The most common symptom of COPD at each visit was shortness of breath during exercise (approximately 90% of patients). According to GOLD 2017-2022 recommendations, at initial visit, the majority of the patients were categorized into GOLD D group (49.8%), followed by GOLD B (41.2%), GOLD A (7.3%), and GOLD C groups (1.6%) – see Table 7).
The severity of dyspnea was assessed using a mMRC questionnaire and was stable from visit to visit. At each visit about 80% of patients had a mMRC ≧ 2. About half of patients had mMRC grade 2. The second most numerous groups were patients with mMRC grade 3 (about 30%), then with grade 1 (about 20%). Fewest patients had grade 4 (about 3%) or 0 (about 1.5%) dyspnea severity. In the CAT test patients obtained median scores from 15 to 17 points and these results were comparable for each visit (17 [IQR:11-22] for initial visit; 16 [11-21] at 6-month; 16 [11-21] at 12-month; 15 [10-20] at 18-month and 17 [13-21] at 24-month visit]). At each visit at least 80% of patients had CAT score ≧ 10. Figure 4 presents the proportions of patients with mMRC levels (A) and CAT more or less than 10 points (B).
Discussion
This non-interventional observational study aimed to assess the frequency of COPD exacerbations and hospitalizations due to these exacerbations and to evaluate the changes in lung function for 2 years observation period in patients treated with ICS/LABA in everyday medical practice in Poland. Patient-related outcomes, such as symptoms, smoking habits, and type of treatment were also recorded during this study. Moreover, in this publication, the risk of COPD exacerbations was assessed using a new strategy of pulmonary functional test interpretation recommended by the ATS/ERS in 2022[6].
The results of our study demonstrated that the lung function of study patients measured by FEV1 did not change during the study (Table 4). The proportion of patients with mild, moderate, severe, and very severe airflow limitations was generally stable throughout the study. At initial visit patients had mild airflow limitation accounted for 2.5%, with moderate airflow limitation for 25.1%, with severe – for 59.0% and with very severe – and 13.4% (Table 4). Comparable distribution of airflow limitation severity categories can be found in other real-life studies where approximately 10% of patients are categorized with very severe airflow limitation and the patients with mild category are the less numerous (approximately 2-3%)[14,15,16]. An interesting observation is that the decliners were mainly in the group with milder airflow limitation, which agrees with observations from large clinical trials[17].
Above 75% of patients enrolled in the study experienced exacerbation of COPD, and almost half of them were hospitalized due to exacerbation in 12-months period preceding the study entry (Figure 2). This proportion is relatively high and shows that COPD leads to a significant medical and financial burden on the Polish healthcare system. Interestingly, 330 patients were defined as 'decliners' (the decrease of FEV1 greater than 100 ml was observed during the study conduct), but the rate of exacerbation in this group was similar to that in 'non-decliners' (Table 3).

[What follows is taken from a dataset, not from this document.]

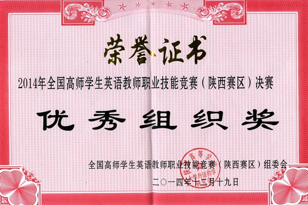 我校學(xué)子在2014年全國(guó)高師學(xué)生英語教師職業(yè)技能競(jìng)賽陜西賽區(qū)決賽中喜獲佳績(jī)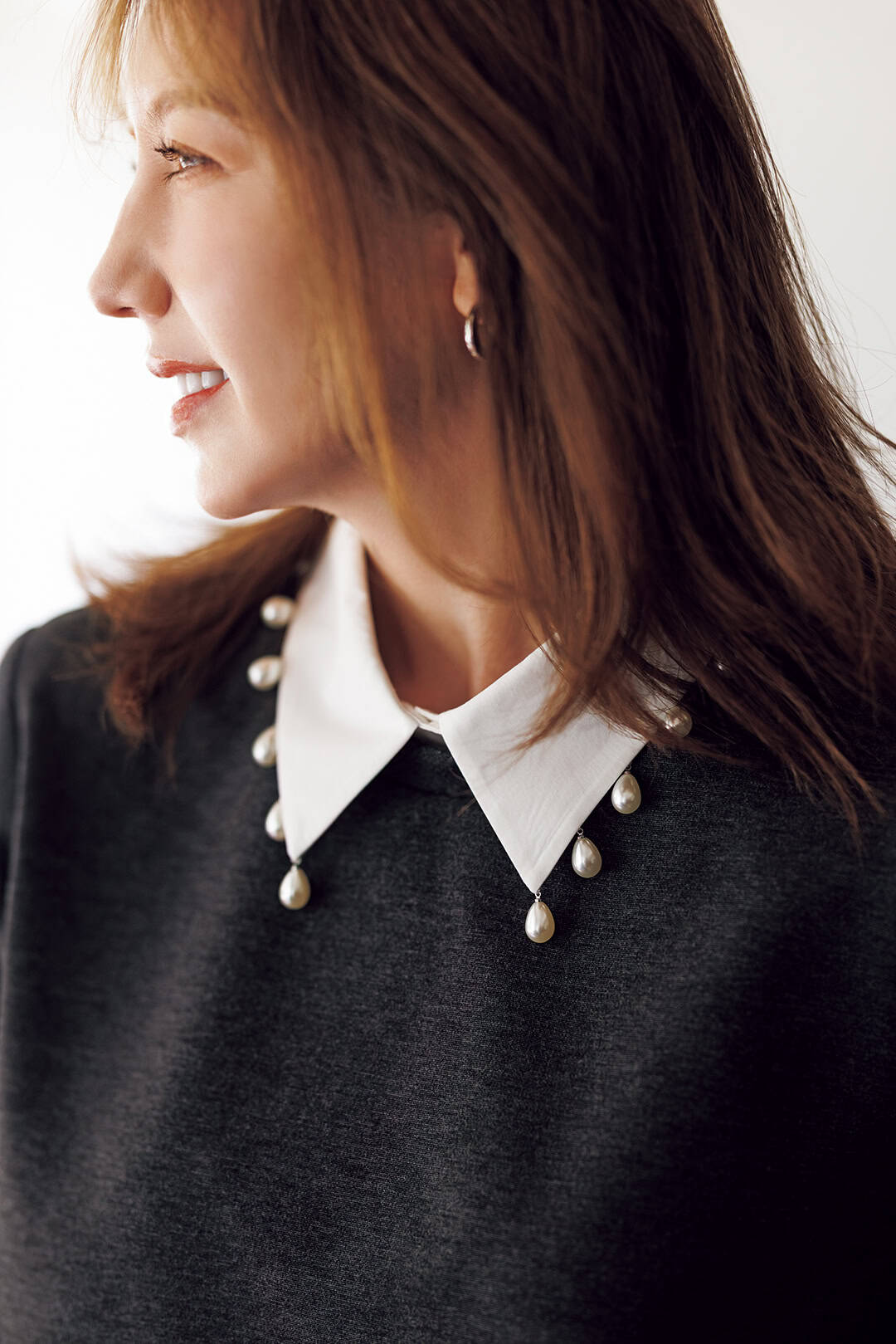 パール×白衿で上品映え。アクセいらずの"万能トップス"

A wide range of exacerbating COPD patient proportions can be found in other real-life studies. In Bulgarian 1-year prospective observational study, the percentage of patients with exacerbations in 12-months period before the study was similar, accounting for approximately 75%[18]. Two large observational studies conducted in Central and Eastern European countries, Switzerland and Israel, also demonstrated comparable proportions of exacerbating COPD in similar periods [14,15]. The POPE study, another observational study conducted in Central and Eastern European countries, demonstrated much lower percentage of exacerbating patients accounting for 37%)[19]. The German study DACCORD showed that only about 20-25% of COPD patients had exacerbation in 6-months period prior to the study entry[16,20]. Another German non-interventional study on 3653 COPD patients reported a 35% frequency of exacerbations in the 2-years period preceding the study entry[21].

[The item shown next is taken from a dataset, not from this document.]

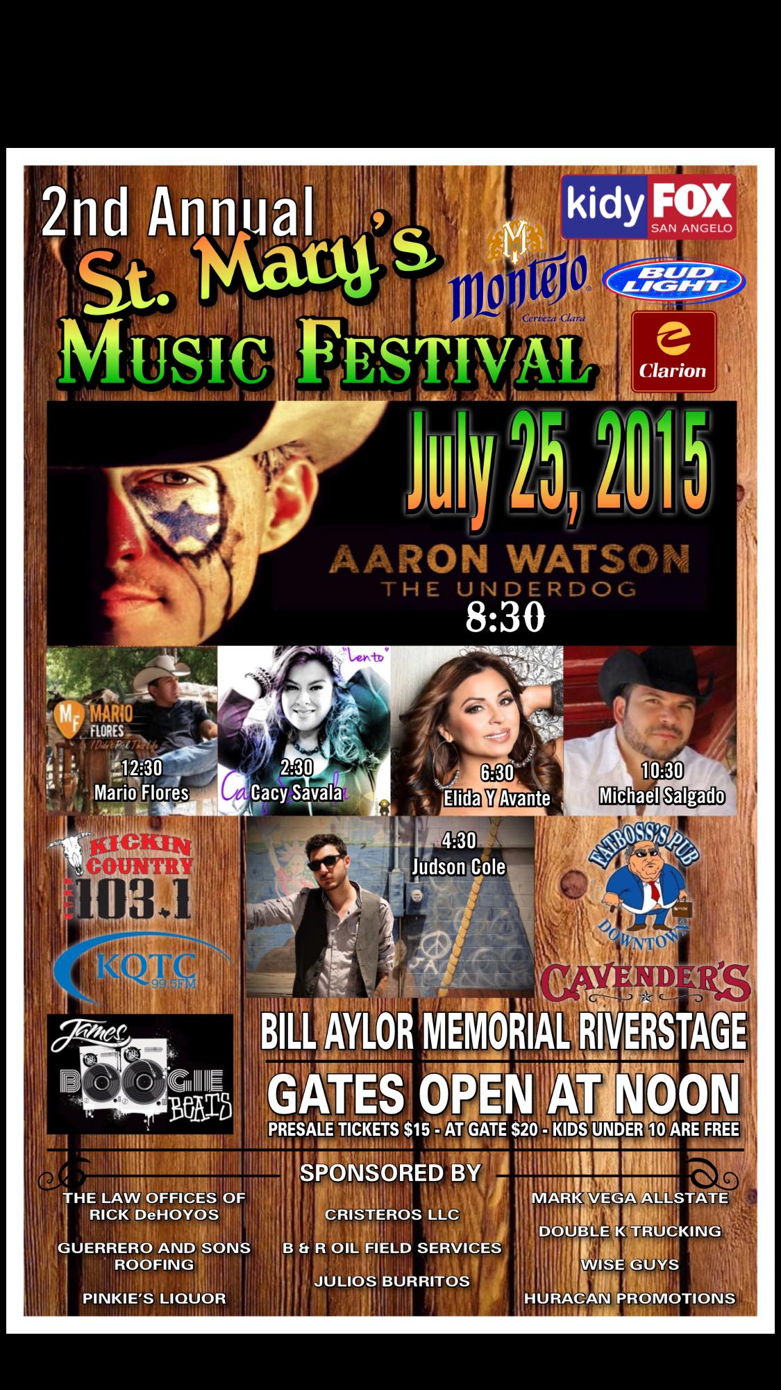 Aaron Watson, Elida Y Avante, Michael Salgado and Cacy Savala fans will join together to see their favorite stars on one stage beginning at 12:30 p.m. this Saturday, July 23, during the 2nd Annual St. Mary’s Music Festival at the Bill Aylor Sr. Memorial RiverStage.

The categorization of patients by two systems of lung function impairment severity evaluation (GOLD and ATS/ERS) showed that there were no patients categorized simultaneously as GOLD-non-severe and ATS/ERS-severe (FEV1> 50% pred. and z-score <-4) (Figure 3). Patients categorized by the two systems as non-severe statistically significantly more frequently were decliners (Table 5). Patients classified into different severity lung function groups (non-severe and severe, independent of the method of classification GOLD or ATS/ERS) had similar exacerbation risk, demonstrating that the new ATS/ERS 2022 strategy for evaluation of lung function impairment severity seems inappropriate for the assessment of exacerbation risk.
The classic risk factors for COPD are male sex and tobacco smoking. According to meta-analysis performed in 2018, the prevalence of COPD among women is 6.16% and among men – 9.23%[22]. In our study men accounted for 67% of enrolled patients and were also more numerous in 'decliners' comparing with non-decliners' (74% vs 64%, p=0.004). Tobacco smoke is the most common cause of COPD, and smoking cessation is recommended for all smoking COPD patients[23]. In the present study smokers accounted for 35.8%, whereas ex-smokers for 55.2% (Table 1), which indicates that the vast majority of patients enrolled in our study were exposed to the tobacco smoke in some period of their lives. These results are generally in line with data from other real-life studies showing that at least 75% of studied COPD patients were current or ex-smokers[14,15,16,18,19,20].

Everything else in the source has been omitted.